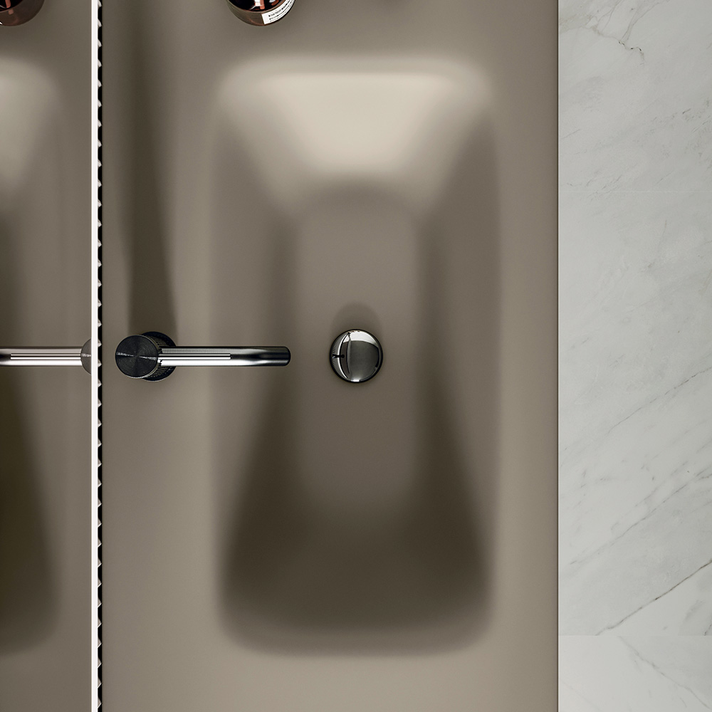 Le lavabo en verre satiné gris tourterelle crée un jeu de tons raffiné avec le socle, accentuant la légèreté visuelle de l'ensemble et apportant de la luminosité à la zone du lavabo.
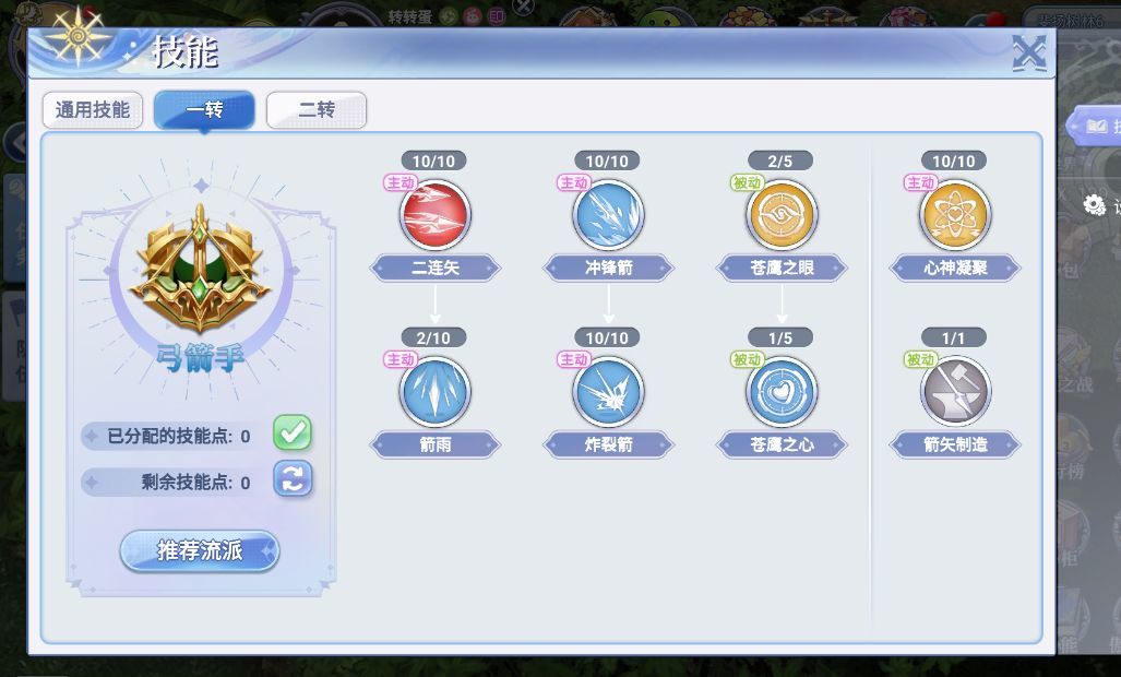 今天给大家分享一下仙境传说RO巴风特之怒中的弓手职业的技能点该如何加首先我们在新手期的时候会跟据系统的一个推荐选择定位是爆发射手。 而我们今天主要来讲一下爆发流的弓手首先,我们可以看到爆发流射手只有5个技能你不要感觉他弱,他反而可以有着很高的一个伤害,并且第6个技能在后期会给我们带来一个大幅度的提升。首先我们先来看一下技能,小娱在这里给大家做了一下分类:二连矢和冲锋箭是主要打伤害的技能,建议点满,
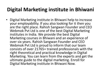 Now Bhiwani Job Seekers will also get the opportunity to grow their skills in Digital Marketing with the best Institute of Rahish Sangwan in Bhiwani
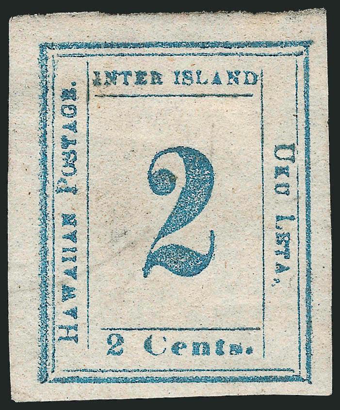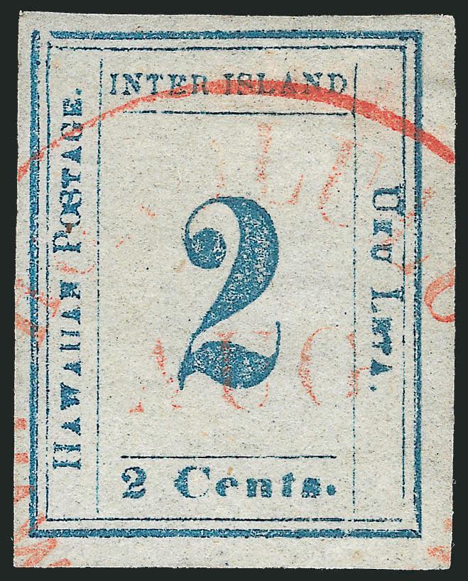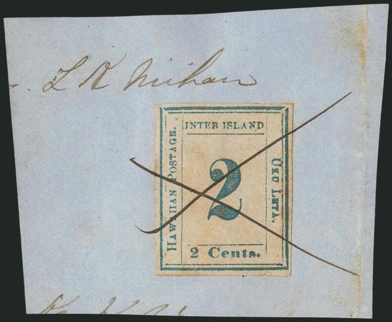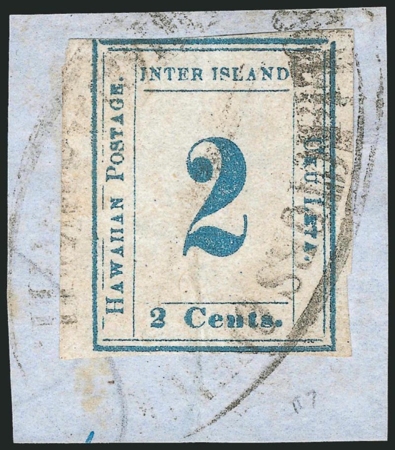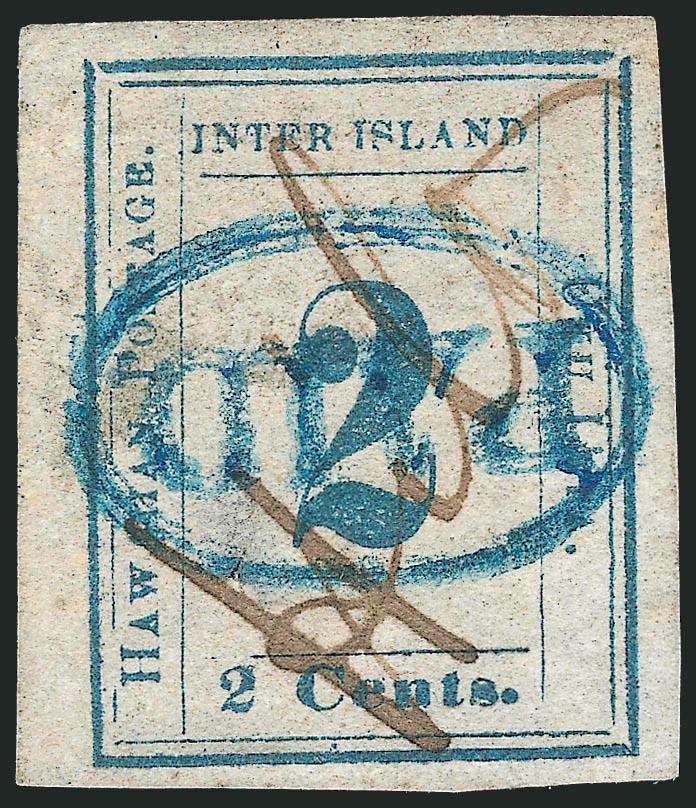 FRESH AND FINE EXAMPLE OF THE 1859 2-CENT BLUE HAWAIIAN NUMERAL CANCELLED BY THE HILO COLLECTOR'S OFFICE OVAL HANDSTAMP.
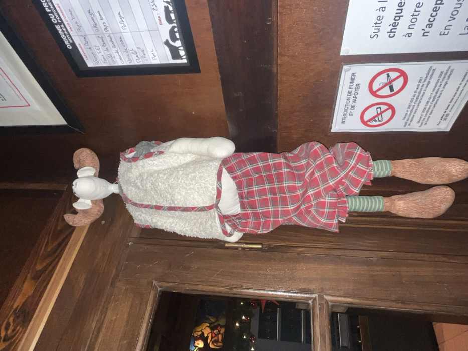 A decorated wooden door with various signs and a stuffed animal atop. One sign details "Origine ou Production Bovines/Porcines" with categories like "Paleron of Doroff" and "Noix de veau." A "No Smoking" sign is also visible. The stuffed animal features a white head with brown ears, a white, fluffy body, and a red plaid dress. Its brown legs are horizontally positioned across the door. In the doorway’s reflection, parts of a Christmas tree can be seen.
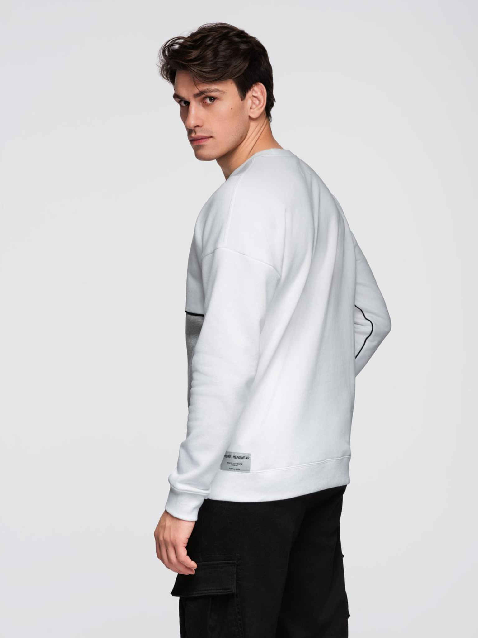 Férfi pulóver raglan ujjakkal és kontraszt részletekkel - fehér V2 OM-SSNZ-0244 Ombre Clothing
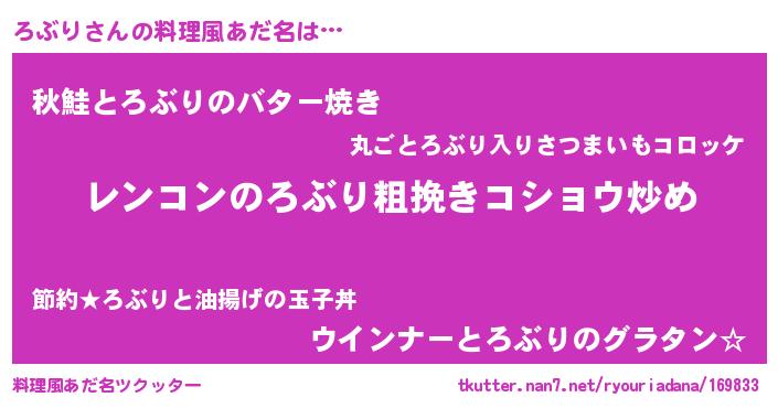 | ヘコむあだ名 | 『ろぶり(震え声)』『豆乳』 |

→ **DIRECTIONS**
Reproduce exactly, and only, the lines from the one with "FRESH AND FINE" to the final line of the listing above; the pictures are to be left out.

→ **ANSWER TO THIS PROBLEM**
 FRESH AND FINE EXAMPLE OF THE 1859 2-CENT BLUE HAWAIIAN NUMERAL CANCELLED BY THE HILO COLLECTOR'S OFFICE OVAL HANDSTAMP.
 A decorated wooden door with various signs and a stuffed animal atop. One sign details "Origine ou Production Bovines/Porcines" with categories like "Paleron of Doroff" and "Noix de veau." A "No Smoking" sign is also visible. The stuffed animal features a white head with brown ears, a white, fluffy body, and a red plaid dress. Its brown legs are horizontally positioned across the door. In the doorway’s reflection, parts of a Christmas tree can be seen.
 Férfi pulóver raglan ujjakkal és kontraszt részletekkel - fehér V2 OM-SSNZ-0244 Ombre Clothing
 | ヘコむあだ名 | 『ろぶり(震え声)』『豆乳』 |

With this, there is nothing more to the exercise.